→ **Exercise goal**:
From the line holding "For each of" through the line holding "Lukfook Jewelry Pure" below, write out every line exactly; include both of those lines and drop the pictures.

→ **Supplied records**:
....................
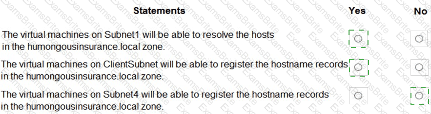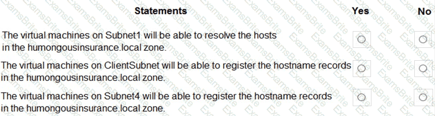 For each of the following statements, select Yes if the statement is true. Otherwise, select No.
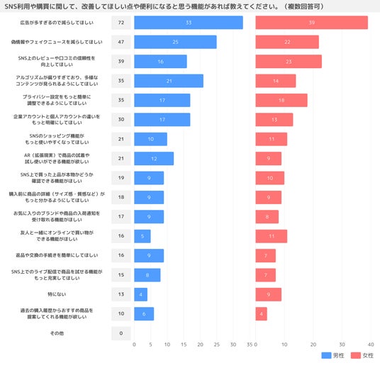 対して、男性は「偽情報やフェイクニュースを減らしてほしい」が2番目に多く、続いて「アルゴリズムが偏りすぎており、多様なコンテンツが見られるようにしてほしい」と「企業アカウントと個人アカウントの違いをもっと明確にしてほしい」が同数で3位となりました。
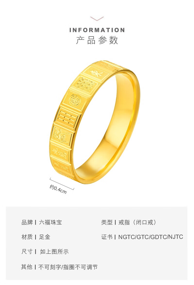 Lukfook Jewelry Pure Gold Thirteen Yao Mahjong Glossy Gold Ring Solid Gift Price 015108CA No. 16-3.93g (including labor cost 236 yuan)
....................
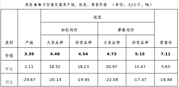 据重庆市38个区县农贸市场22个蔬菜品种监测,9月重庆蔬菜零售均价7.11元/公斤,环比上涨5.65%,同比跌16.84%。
....................
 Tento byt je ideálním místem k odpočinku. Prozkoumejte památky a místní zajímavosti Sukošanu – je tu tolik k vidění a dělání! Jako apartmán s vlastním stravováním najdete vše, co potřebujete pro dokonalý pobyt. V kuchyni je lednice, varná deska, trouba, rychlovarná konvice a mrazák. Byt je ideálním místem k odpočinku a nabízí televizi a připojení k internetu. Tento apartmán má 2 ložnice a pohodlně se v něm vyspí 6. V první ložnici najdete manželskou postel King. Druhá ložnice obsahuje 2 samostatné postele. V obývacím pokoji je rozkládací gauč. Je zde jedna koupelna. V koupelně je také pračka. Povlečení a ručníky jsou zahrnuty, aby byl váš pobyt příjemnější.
....................
→ **Problem solution**:
 For each of the following statements, select Yes if the statement is true. Otherwise, select No.
 対して、男性は「偽情報やフェイクニュースを減らしてほしい」が2番目に多く、続いて「アルゴリズムが偏りすぎており、多様なコンテンツが見られるようにしてほしい」と「企業アカウントと個人アカウントの違いをもっと明確にしてほしい」が同数で3位となりました。
 Lukfook Jewelry Pure Gold Thirteen Yao Mahjong Glossy Gold Ring Solid Gift Price 015108CA No. 16-3.93g (including labor cost 236 yuan)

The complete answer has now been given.